I think modern people have an undercurrent of shame because of our failure to live up to our demands for constant happiness and positivity. This shame is like a sleepwalking giant underground, a looming presence that terrifies us but we cannot name or see. We refuse to acknowledge our own losses and sadnesses because we have deemed unhappiness to be a disease to eradicate. In our mission to destroy unhappiness we have destroyed the elements of our own soul that gave life its irreversible meaning. If anything lost can be found again, then nothing has meaning. If life is perpetually recoverable, if the beings who we’ve lost are interchangeable, then nobody and nothing will ever mean anything again. And, we have retroactively erased the meaning of all the souls with whom we’ve shared contact through this retroactive inversion of meaning. Since loss and sadness is a disease to be therapied or medicated away, and since beings with whom we’ve co-created love spheres with are interchangeable with anyone else, the individual soul becomes a cog in a machine.

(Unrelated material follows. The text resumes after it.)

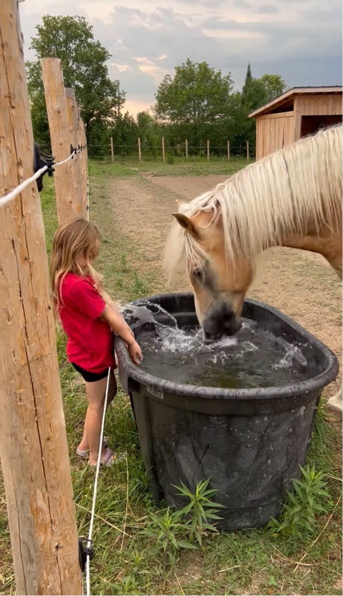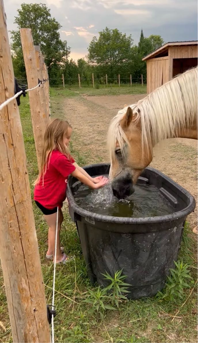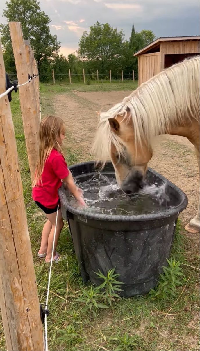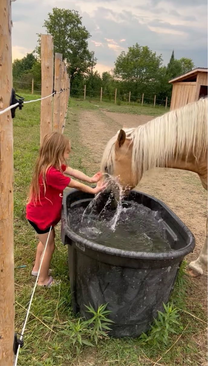 「今度は私の番!」と言わんばかりに、女の子が馬の顔に水をバシャバシャ!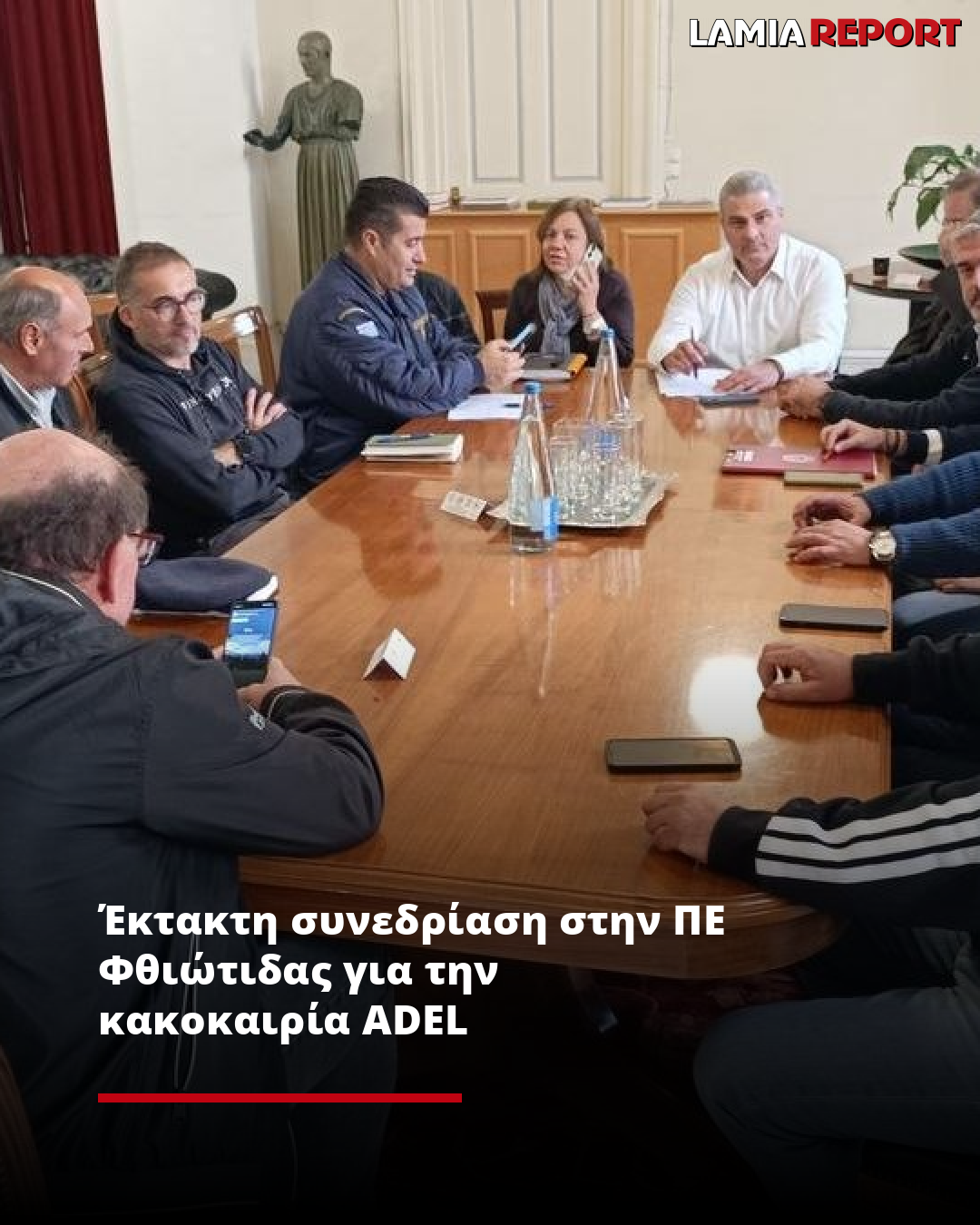 Πραγματοποιήθηκε, σήμερα Τετάρτη 26 Νοεμβρίου 2025, έκτακτη συνεδρίαση του ΠΕ.Σ.Ο.Π.Π. της Π.Ε. Φθιώτιδας από τον Αντιπεριφερειάρχη Φθιώτιδας Ηλία Κ. Σανίδα, στο γραφείο του στην Λαμία, με αντικείμενο τον προγραμματισμό μέτρων και δράσεων ενόψει της επερχόμενης κακοκαιρίας με το όνομα ADEL, η οποία αναμένεται να επηρεάσει και την Περιφερειακή Ενότητα Φθιώτιδας από απόψε, σύμφωνα με την 2η επικαιροποίηση του υπ. Αριθμ. 6/25-11-2025 Εκτάκτου Δελτίου ΕΠΙΔΕΙΝΩΣΗΣ ΚΑΙΡΟΥ (Ε.Δ.Ε.Κ.)

A replaceable part that is standardized in its manufacture, only having various flaws or benefits. We even capitalize ourselves in our self marketization in terms such as value and benefit. In the final stage of modernity we have not only stripped ourselves of our own souls, we have retroactively erased the meaning and love of all the souls we’ve known prior, making ourselves a project of continual market renewal. We market ourselves like a product with features, benefits, and trial periods. In this final stage we tread ever onward towards happiness, while in fact delving deeper into the sewer of meaninglessness. In the age of good vibes only, it seems we have bad vibes only, because underneath our positive veneer is meaninglessness, which is a darkness that is most antithetical to human life. Out of all things that a human being needs, meaning is the most important, the most necessary. To be able to strive against difficulty, meaning alone is what helps us make sense of our suffering. Yet in our erasure of the tragic, we have also erased what made our lives meaningful, and so we endure a meaningless life, for no reason, going nowhere, meaning nothing, coming from nowhere, and having nowhere leading that we can name. And this is our age of happiness we find ourselves in. The age where the tragedy is extant is the meaningless age, the end of history, the end of time.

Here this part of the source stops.